In Chapter 12 we will discuss in more detail some of the key ideas involved in coming to this conclusion. But the basic point is that the phenomenon of entropy increase implied by the Second Law is a more or less direct consequence of the phenomenon discovered in this book that even with simple initial conditions many systems can produce complex and seemingly random behavior.

One aspect of the generation of randomness that we have noted several times in earlier chapters is that once significant randomness has been produced in a system, the overall properties of that system tend to become largely independent of the details of its initial conditions.

In any system that is reversible it must always be the case that different initial conditions lead to at least slightly different states—otherwise there would be no unique way of going backwards. But the point is that even though the outcomes from different initial conditions differ in detail, their overall properties can still be very much the same.

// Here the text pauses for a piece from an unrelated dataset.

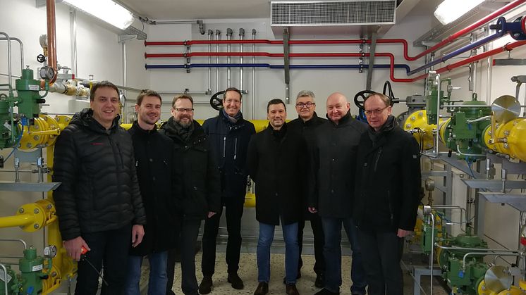 Zur offiziellen Inbetriebnahme am Donnerstag (12. Dezember) fanden sich der Tettauer Bürgermeister Peter Ebertsch, Michael Wagner, Technischer Leiter Glas-Produktion Deutschland, und Thomas Schmidt, Leiter Energy Economics, beide HEINZ-GLAS und seitens des Bayernwerks Ingo Schroers, Geschäftsbereichsleiter Kommunen, Konrad Walter, Bereichsleiter Netzdienste Oberfranken, Kommunalbetreuer Edgar Müller, sowie die für die Ausführung der Arbeiten verantwortlichen Markus Seidel, Leiter Netzbau Naila, und Ulrich Wicklein, Leiter Gasservice Oberfranken, am Werksgelände von HEINZ-GLAS ein.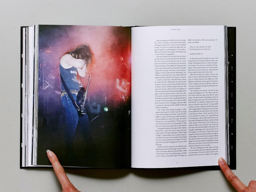 以前のインタヴューで、ムーア(ノイズ愛にあふれる博識家。SONIC YOUTHのギタリスト。しかしMAYHEMのメンバーによる著書を出版するというのは、当初結びつかないように思えた)は、自らのブラックメタル愛と、このプロジェクトがスタートした興味深いストーリーを詳しく教えてくれた。「ヨルンが、部屋のベッドの下にあった未発表写真とか、貴重な資料をまとめて自伝を書いた、と知ってとても興味を持ったんだ。その本はどこにもなかったんだけど、ノルウェー北部のあるCDショップに1冊だけあった。後にも先にもノルウェーで見つけたのは、この1冊だけだった。すごく読みたかったから、エクスタティック・ピースのパートナーと一緒に、出版を決めたんだ。ノルウェーの出版社に電話したら、担当の女性はこういった。『私たちも嬉しいですし、ミュージシャンであるあなたが出版してくれるんですから、彼もすごく喜ぶはずです』。そんなこんなで英語版の出版権を手に入れた。内容も素晴らしかったよ。控えめな言い回しで書かれているんだけど、地に足がついていて、自殺や殺人、教会への放火など、バンドにまつわる様々な事件の脱神話化を試みている。スキャンダラスな要素を抜いて提示しているんだ。MAYHEMは2年くらい、客がほとんどいない会場でプレイしていた。でも数々の事件を起こしてから、『このヤバいバンドはどこのどいつだ?』って注目されるようになった。そして、ブラックメタルを代表するバンドになったんだ」

The pictures on the facing page show an example of what can happen. Every individual picture has different initial conditions. But whenever randomness is produced the overall patterns that are obtained look in the end almost indistinguishable.

The reversibility of the underlying rules implies that at some level it must be possible to recognize outcomes from different kinds of initial conditions. But the point is that to do so would require a computation far more sophisticated than any that could meaningfully be done as part of a practical measurement process.

So this means that if a system generates sufficient randomness, one can think of it as evolving towards a unique equilibrium whose properties are for practical purposes independent of its initial conditions.

This fact turns out in a sense to be implicit in many everyday applications of physics. For it is what allows us to characterize all sorts of physical systems by just specifying a few parameters such as temperature and chemical composition—and avoids us always having to know the details of the initial conditions and history of each system.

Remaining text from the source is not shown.